What’s wrong with checking the types of objects passed into a function?
Functions are the most basic way of avoiding code redundancy in Python—factoring code into functions means that we have only one copy of an operation’s code to update in the future. Functions are also the basic unit of code reuse in Python—wrapping code in functions makes it a reusable tool, callable in a variety of programs. Finally, functions allow us to divide a complex system into manageable parts, each of which may be developed individually.

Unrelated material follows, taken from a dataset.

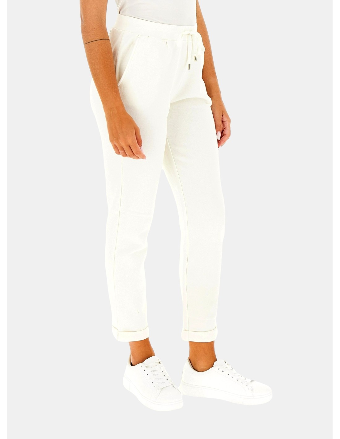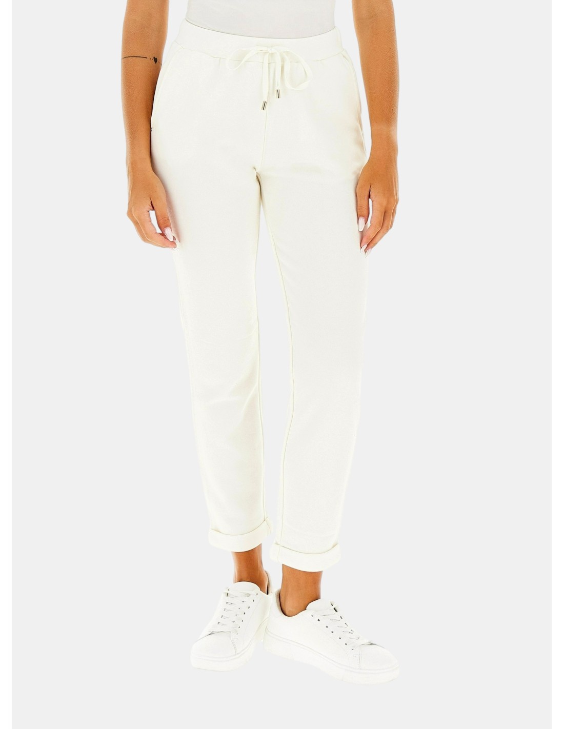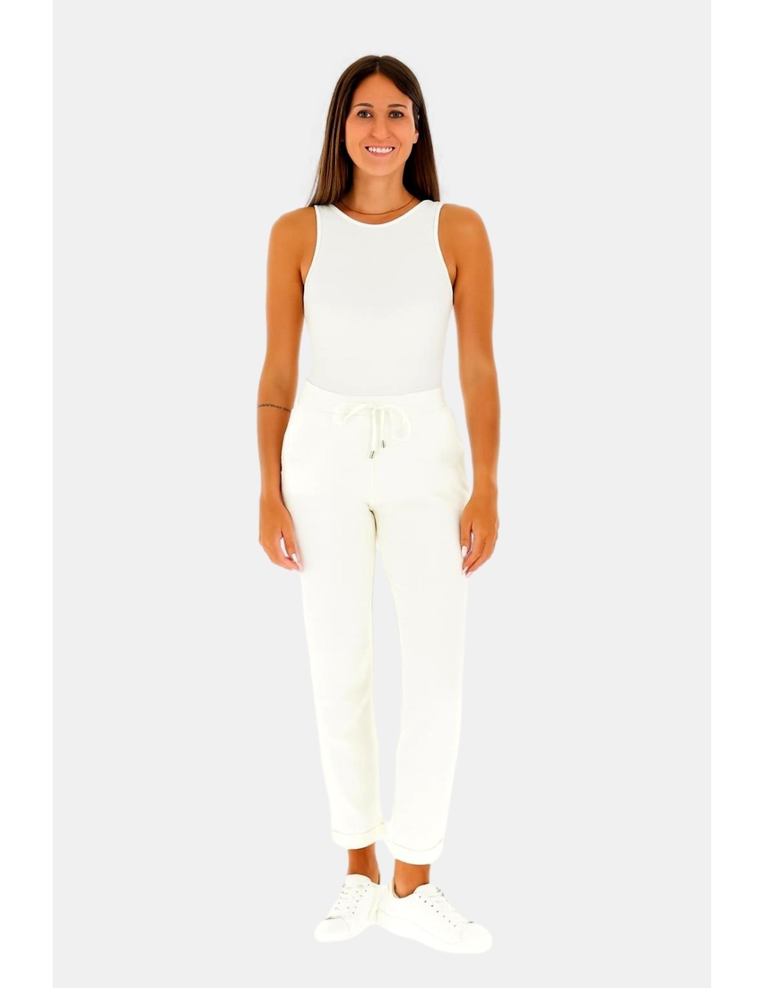 Calças de corrida em mistura de algodão, cintura com cordão elástico, bolsos nas ancas, logótipo em metal.

A function is created when Python reaches and runs the
def
statement; this statement
creates a function object and assigns it the function’s name. This
normally happens when the enclosing module file is imported by
another module (recall that imports run the code in a file from
top to bottom, including any def
s), but it can also occur when a
def
is typed interactively or
nested in other statements, such as if
s.
A function returns the None
object by default if the control
flow falls off the end of the function body without running into a
return
statement. Such
functions are usually called with expression statements, as
assigning their None
results to
variables is generally pointless.
The function body (the code nested inside the function definition statement) is run when the function is later called with a call expression. The body runs anew each time the function is called.
Checking the types of objects passed into a function effectively breaks the function’s flexibility, constraining the function to work on specific types only. Without such checks, the function would likely be able to process an entire range of object types—any objects that support the interface expected by the function will work. (The term interface means the set of methods and expression operators the function’s code runs.)
[35] This code will always work if we intersect files’ contents
obtained with file.readlines()
. It may not work to
intersect lines in open input files directly, though, depending
on the file object’s implementation of the in
operator or general iteration.
Files must generally be rewound (e.g., with a file.seek(0)
or another open
) after they have been read to
end-of-file once. As we’ll see in Chapter 29 when we study operator
overloading, classes implement the in
operator either by providing the
specific __contains__
method
or by supporting the general iteration protocol with the
__iter__
or older __getitem__
methods; if coded, classes
can define what iteration means for their data.